*** Source material ***

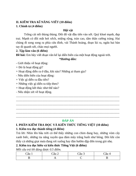 II. KIỂM TRA KĨ NĂNG VIẾT (10 điểm) 1. Chính tả (4 điểm) Hội vật
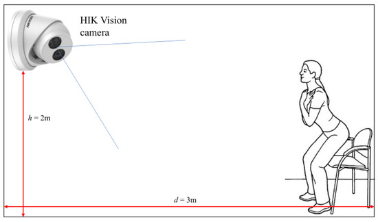 For the data acquisition, a low-cost RGB monocular camera was installed in two different nursing institutes [38]. The camera used in this work was the HIK-Vision DS-2CD2385FWD-I camera with a 2.8 mm focal length and a 4K resolution at 20 fps. The camera was installed in the gym of the institutes, where people usually execute mobility tests, so the medical staff periodically can monitor the motion abilities of older people following a defined protocol. The camera was placed as shown in Figure 2, at a height h = 2 m above the floor and a horizontal distance d = 3 m from the wall against which the chair was leaning. The camera was tilted down to an angle of about .
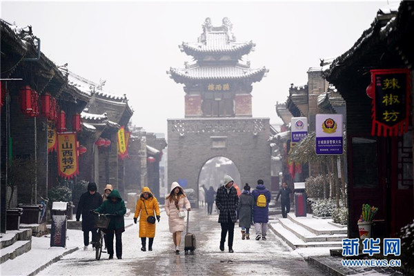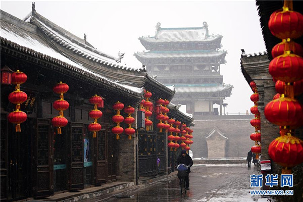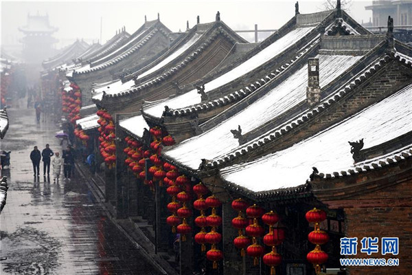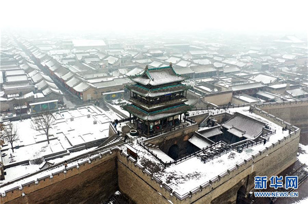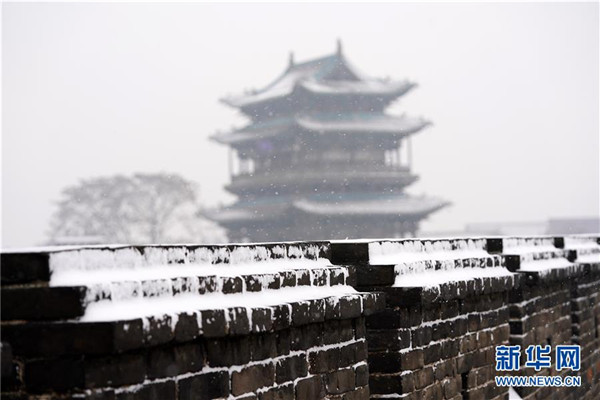 當(dāng)日,山西省平遙縣迎來(lái)降雪,雪中的平遙古城銀裝素裹,美景如畫(huà)。平遙古城是目前中國(guó)保存最完整的古代縣級(jí)城池之一,1997年被列入世界文化遺產(chǎn)名錄。新華社記者詹彥攝
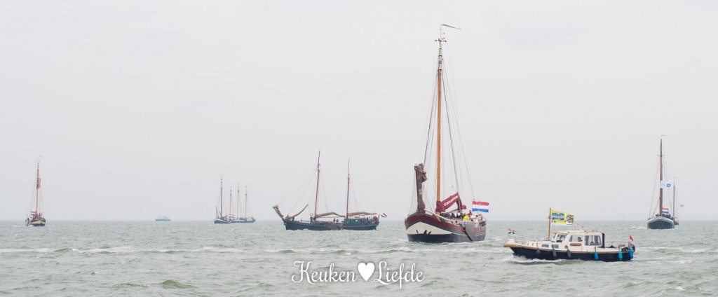 Met de gehele vloot varen we het havenkanaal uit op weg naar de Oosterschelde waar vissersboot MS3 van kreeftenvisser Gerrie van den Hoek ons opwacht.
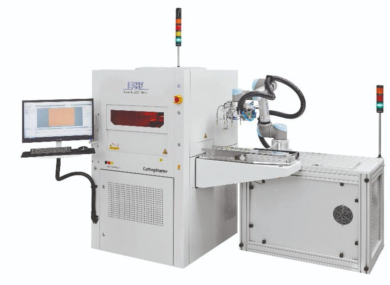 Der letzte Arbeitsschritt in der Linie ist das Nutzentrennen. Mit dem CuttingMaster Cx stellt LPKF ein kompaktes, kosteneffizientes und flexibel automatisierbares Lasersystem zum Nutzentrennen von PCBs vor. Es kann optional mit einem Cobot vollständig automatisiert werden. Bezüglich Performance und Qualität ist das Laser-Nutzentrennen vielen anderen Verfahren weit überlegen: Es arbeitet berührungslos und staubfrei, trennt Stege oder beliebige Konturen und benötigt nur minimale Schnittkanäle.
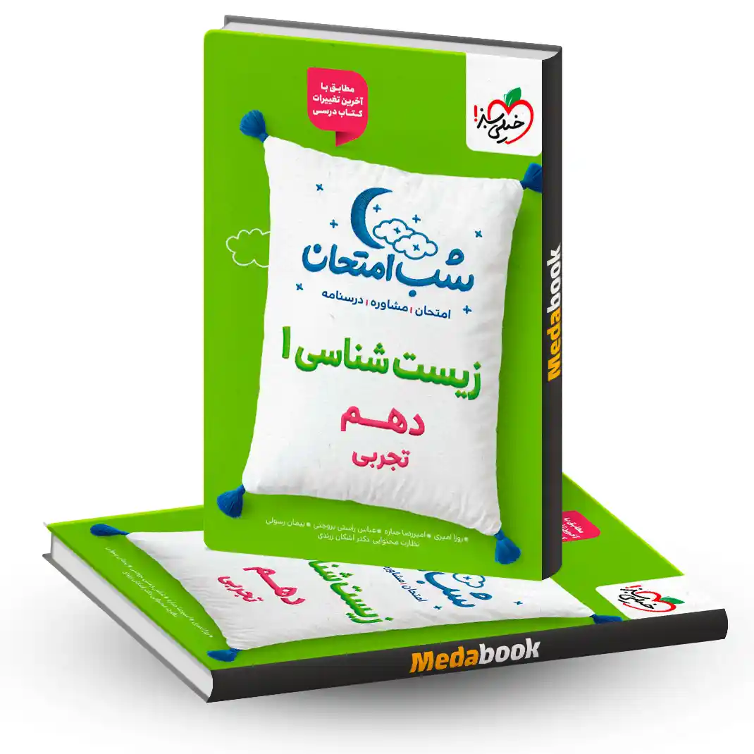 زیست شب امتحان دهم خیلی سبز یک کتاب مناسب ویژه امتحانات نهاییه که دانش آموزا رو برای امتحان زیست دهم آماده میکنه. این کتابِ نسبتا کم حجم برای تمام دانش آموزایی که تو مقطع دهم تجربی تحصیل میکنن مناسبه و سطح بندی کتاب به گونه ای هستش که هم دانش آموزان ضعیف و هم قوی بتونن از کتاب نهایت بهره رو ببرن و تو امتحان نوبت اول و دوم بهترین نمرات رو کسب کنن. هر دانش آموزی که به دنبال منبع کاملی از سوالات و آزمون های تشریحی و امتحانی زیست دهم هستش میتونه این کتاب رو تهیه کنه. شب امتحان زیست شناسی با داشتن سوالات متعدد نوبت اول و دوم، پاسخنامه تشریحی مناسب و موشکافی شده و درنهایت درسنامه ای کامل اما خلاصه میتونه بهترین گزینه برای دوران امتحان هستش و میتونید از این کتاب با خیال راحت استفاده کنید.
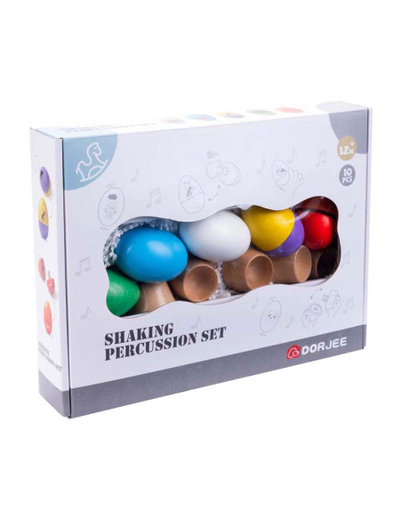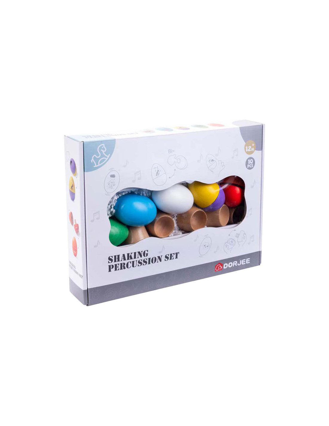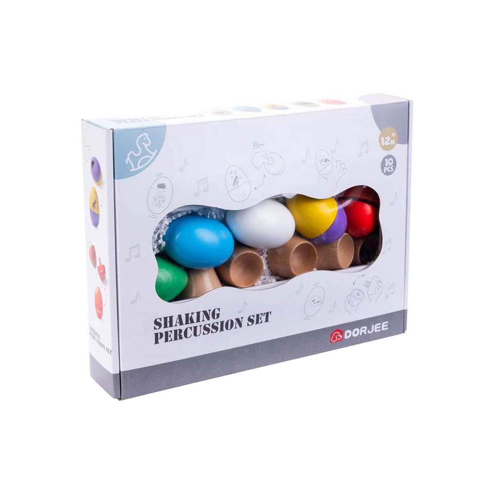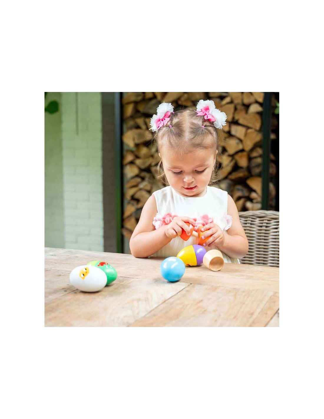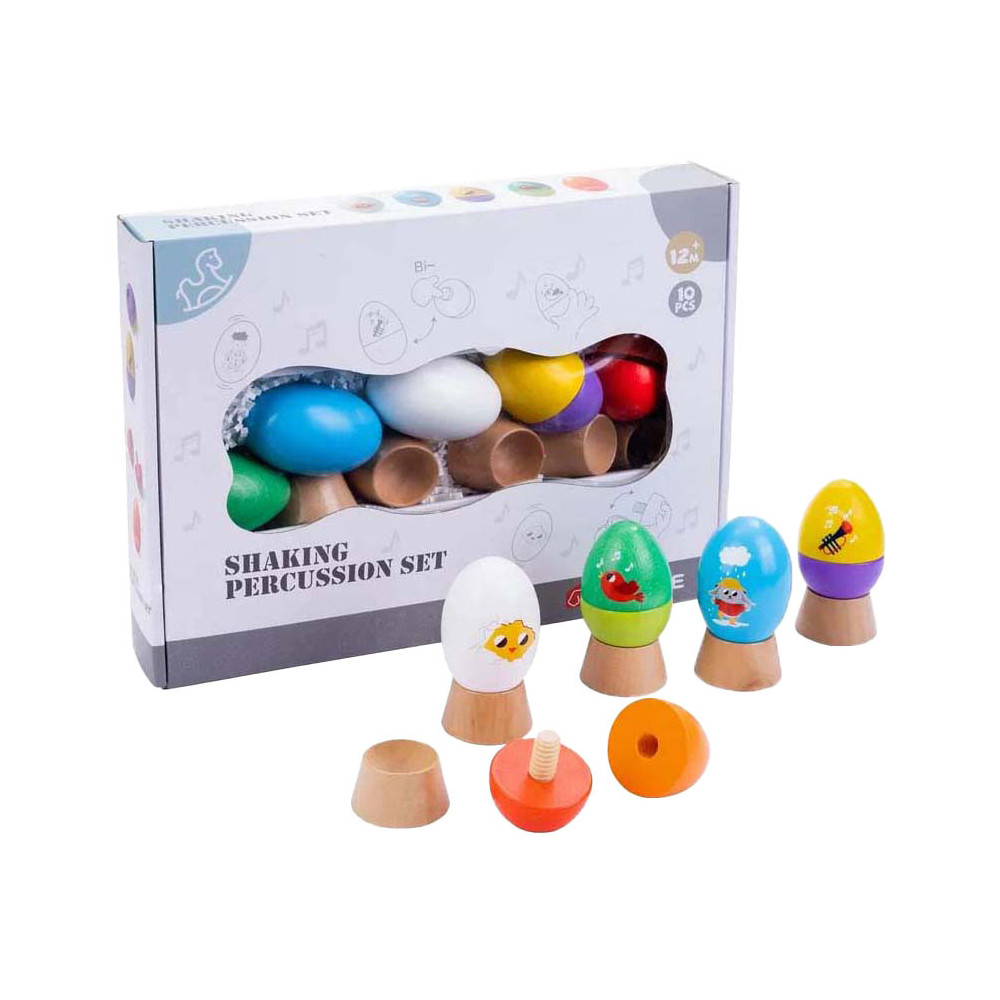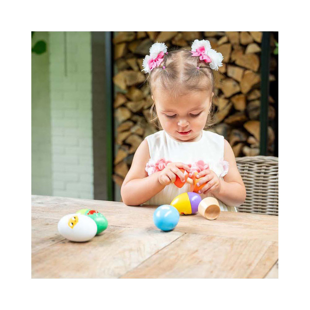 Gekleurde houten percussie eieren, 5 stuks inclusief 5 houders. Geschikt voor kinderen vanaf 12 maanden.

*** End of Source material ***

The problem
Your answer must be the records above, copied exactly, with no pictures.

Solution to this problem
 II. KIỂM TRA KĨ NĂNG VIẾT (10 điểm) 1. Chính tả (4 điểm) Hội vật
 For the data acquisition, a low-cost RGB monocular camera was installed in two different nursing institutes [38]. The camera used in this work was the HIK-Vision DS-2CD2385FWD-I camera with a 2.8 mm focal length and a 4K resolution at 20 fps. The camera was installed in the gym of the institutes, where people usually execute mobility tests, so the medical staff periodically can monitor the motion abilities of older people following a defined protocol. The camera was placed as shown in Figure 2, at a height h = 2 m above the floor and a horizontal distance d = 3 m from the wall against which the chair was leaning. The camera was tilted down to an angle of about .
 當(dāng)日,山西省平遙縣迎來(lái)降雪,雪中的平遙古城銀裝素裹,美景如畫(huà)。平遙古城是目前中國(guó)保存最完整的古代縣級(jí)城池之一,1997年被列入世界文化遺產(chǎn)名錄。新華社記者詹彥攝
 Met de gehele vloot varen we het havenkanaal uit op weg naar de Oosterschelde waar vissersboot MS3 van kreeftenvisser Gerrie van den Hoek ons opwacht.
 Der letzte Arbeitsschritt in der Linie ist das Nutzentrennen. Mit dem CuttingMaster Cx stellt LPKF ein kompaktes, kosteneffizientes und flexibel automatisierbares Lasersystem zum Nutzentrennen von PCBs vor. Es kann optional mit einem Cobot vollständig automatisiert werden. Bezüglich Performance und Qualität ist das Laser-Nutzentrennen vielen anderen Verfahren weit überlegen: Es arbeitet berührungslos und staubfrei, trennt Stege oder beliebige Konturen und benötigt nur minimale Schnittkanäle.
 زیست شب امتحان دهم خیلی سبز یک کتاب مناسب ویژه امتحانات نهاییه که دانش آموزا رو برای امتحان زیست دهم آماده میکنه. این کتابِ نسبتا کم حجم برای تمام دانش آموزایی که تو مقطع دهم تجربی تحصیل میکنن مناسبه و سطح بندی کتاب به گونه ای هستش که هم دانش آموزان ضعیف و هم قوی بتونن از کتاب نهایت بهره رو ببرن و تو امتحان نوبت اول و دوم بهترین نمرات رو کسب کنن. هر دانش آموزی که به دنبال منبع کاملی از سوالات و آزمون های تشریحی و امتحانی زیست دهم هستش میتونه این کتاب رو تهیه کنه. شب امتحان زیست شناسی با داشتن سوالات متعدد نوبت اول و دوم، پاسخنامه تشریحی مناسب و موشکافی شده و درنهایت درسنامه ای کامل اما خلاصه میتونه بهترین گزینه برای دوران امتحان هستش و میتونید از این کتاب با خیال راحت استفاده کنید.
 Gekleurde houten percussie eieren, 5 stuks inclusief 5 houders. Geschikt voor kinderen vanaf 12 maanden.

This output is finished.